▶ [Records for processing]
● ● ● ●
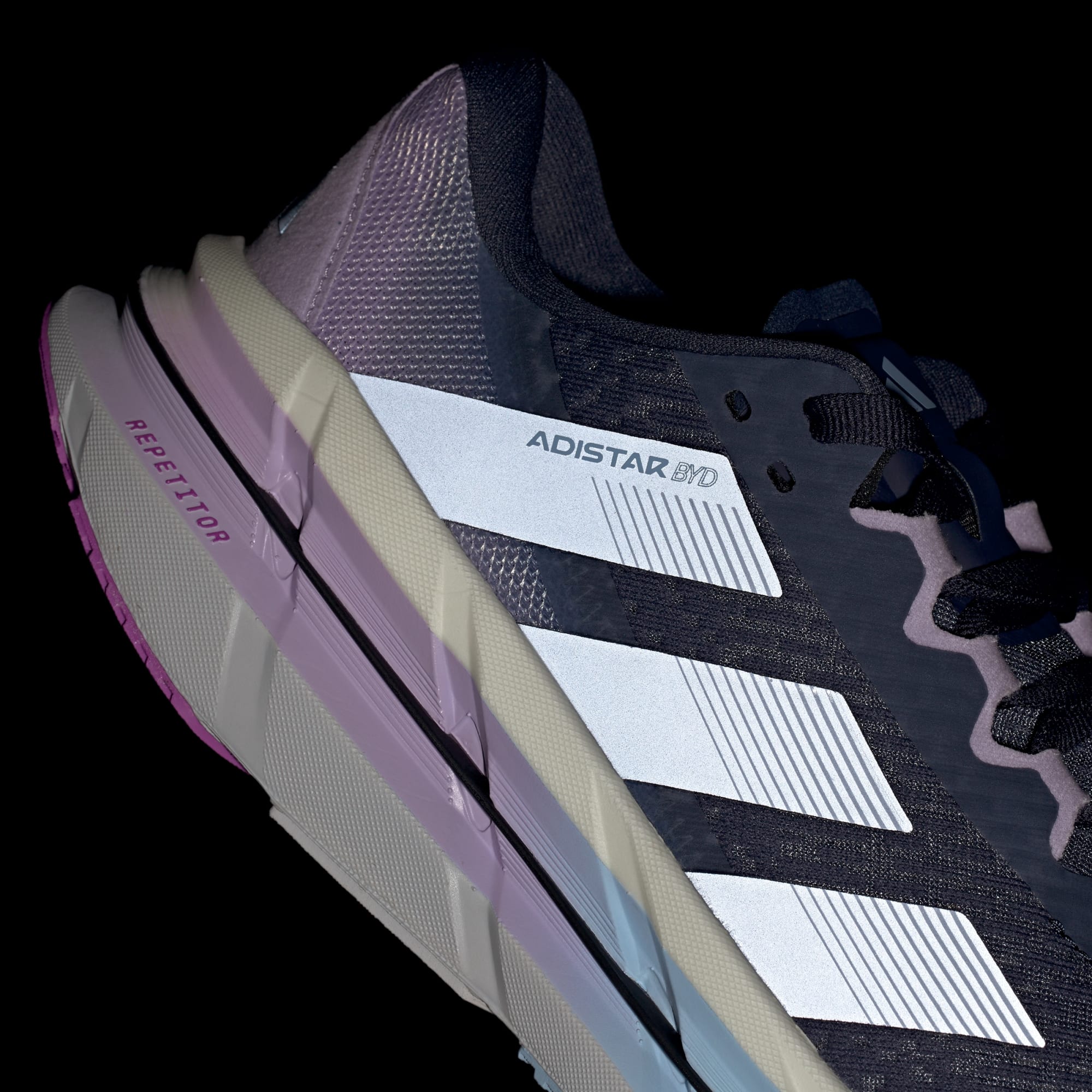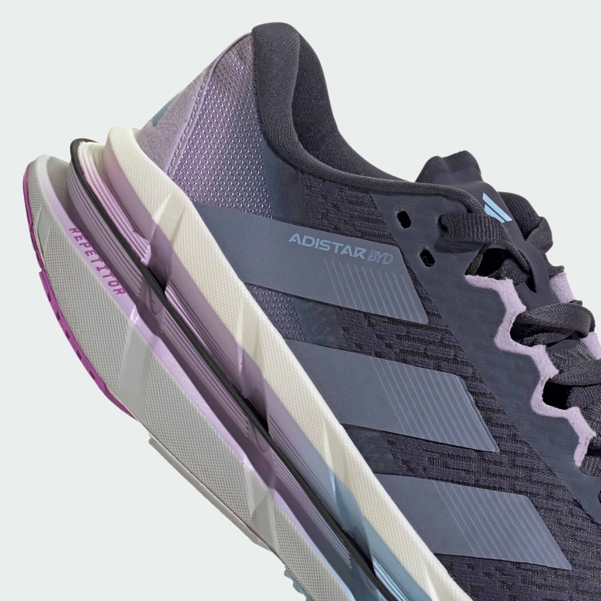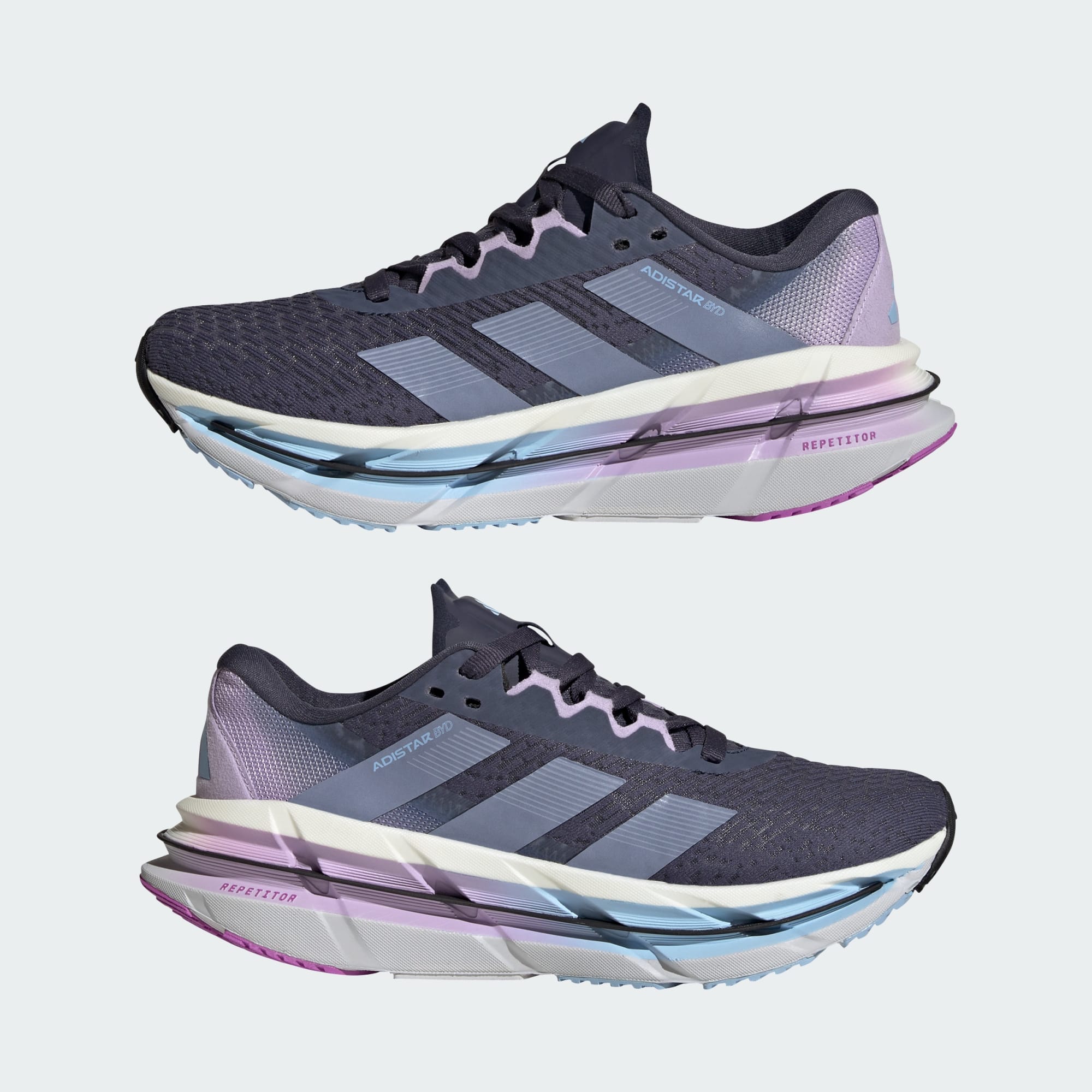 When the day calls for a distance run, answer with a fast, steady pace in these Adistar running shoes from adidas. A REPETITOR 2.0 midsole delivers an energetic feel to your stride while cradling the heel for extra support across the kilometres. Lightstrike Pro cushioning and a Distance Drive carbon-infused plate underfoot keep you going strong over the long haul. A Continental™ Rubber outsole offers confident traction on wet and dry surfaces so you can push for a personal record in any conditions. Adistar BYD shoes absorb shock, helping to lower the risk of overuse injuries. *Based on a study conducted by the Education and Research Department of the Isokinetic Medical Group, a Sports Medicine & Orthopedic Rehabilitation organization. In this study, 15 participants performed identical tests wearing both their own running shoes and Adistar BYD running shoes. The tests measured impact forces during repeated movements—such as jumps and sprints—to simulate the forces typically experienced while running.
● ● ● ●
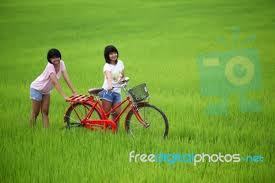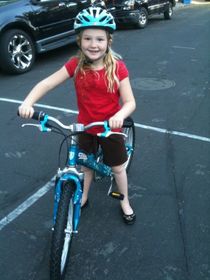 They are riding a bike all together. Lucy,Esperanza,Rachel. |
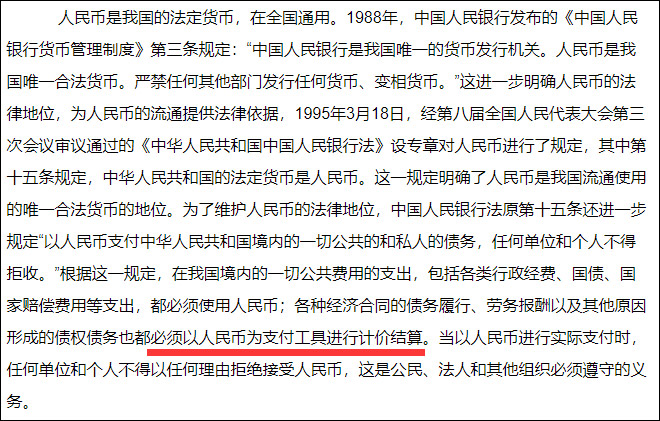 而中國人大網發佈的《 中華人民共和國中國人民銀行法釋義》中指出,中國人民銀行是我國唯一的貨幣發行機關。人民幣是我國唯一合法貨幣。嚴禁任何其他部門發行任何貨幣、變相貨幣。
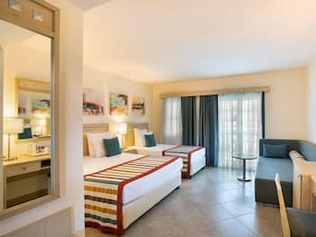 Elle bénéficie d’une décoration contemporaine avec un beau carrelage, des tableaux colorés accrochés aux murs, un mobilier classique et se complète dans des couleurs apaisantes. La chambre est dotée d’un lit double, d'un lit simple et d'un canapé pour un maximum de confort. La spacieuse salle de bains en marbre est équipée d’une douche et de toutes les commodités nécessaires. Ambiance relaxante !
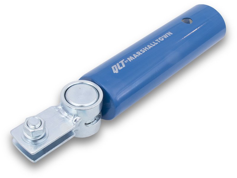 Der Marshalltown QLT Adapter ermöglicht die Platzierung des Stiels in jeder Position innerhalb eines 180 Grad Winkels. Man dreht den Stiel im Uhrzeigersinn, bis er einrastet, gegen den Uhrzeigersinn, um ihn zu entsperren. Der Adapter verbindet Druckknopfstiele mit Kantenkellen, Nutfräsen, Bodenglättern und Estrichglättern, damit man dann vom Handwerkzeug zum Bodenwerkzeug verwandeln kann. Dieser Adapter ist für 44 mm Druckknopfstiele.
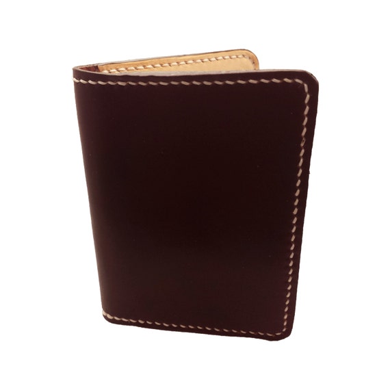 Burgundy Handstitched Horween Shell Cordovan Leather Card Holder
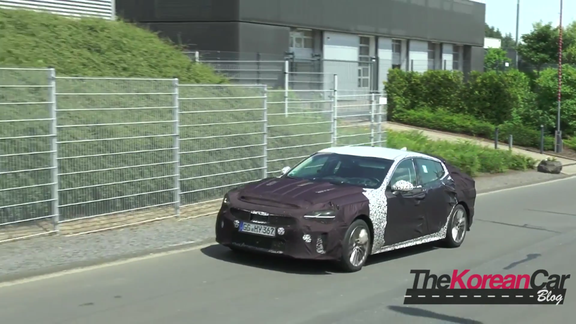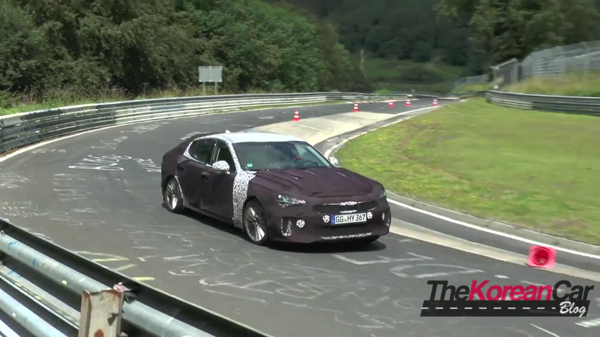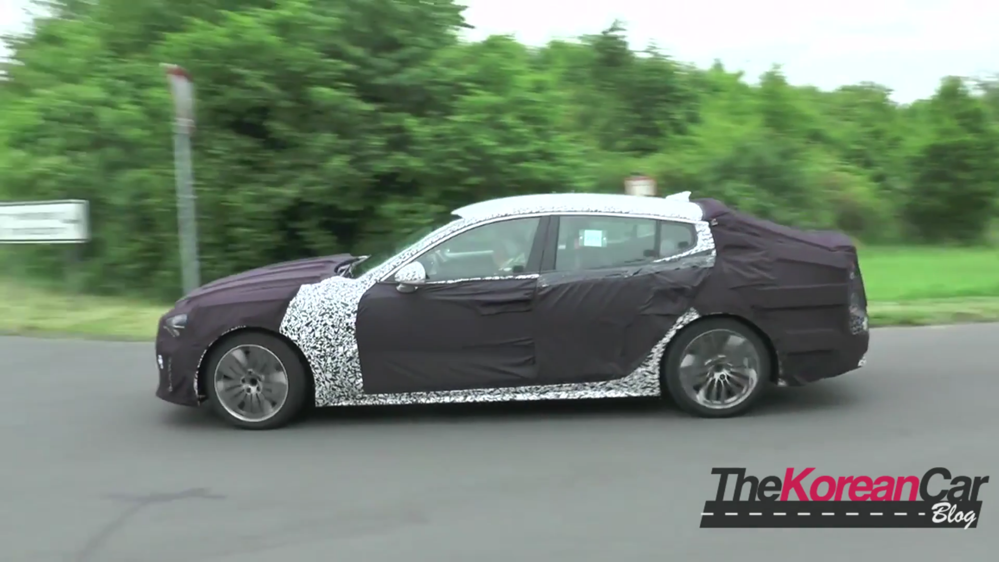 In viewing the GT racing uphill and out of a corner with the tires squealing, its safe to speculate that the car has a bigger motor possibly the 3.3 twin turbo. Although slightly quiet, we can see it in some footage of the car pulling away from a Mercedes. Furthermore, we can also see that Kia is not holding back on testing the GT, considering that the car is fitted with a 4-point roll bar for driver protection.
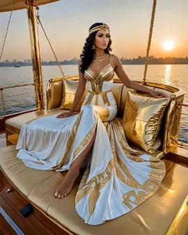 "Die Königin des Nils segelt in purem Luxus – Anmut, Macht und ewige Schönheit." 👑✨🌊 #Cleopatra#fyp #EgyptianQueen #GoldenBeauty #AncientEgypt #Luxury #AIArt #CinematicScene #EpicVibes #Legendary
● ● ● ●
▶ [Required action] Look above for the line containing "They are riding" and the line containing "而中國人大網發佈的《 中華人", then reproduce both and everything between them exactly, pictures omitted.

▶ [Completed exercise]
 They are riding a bike all together. Lucy,Esperanza,Rachel. |
 而中國人大網發佈的《 中華人民共和國中國人民銀行法釋義》中指出,中國人民銀行是我國唯一的貨幣發行機關。人民幣是我國唯一合法貨幣。嚴禁任何其他部門發行任何貨幣、變相貨幣。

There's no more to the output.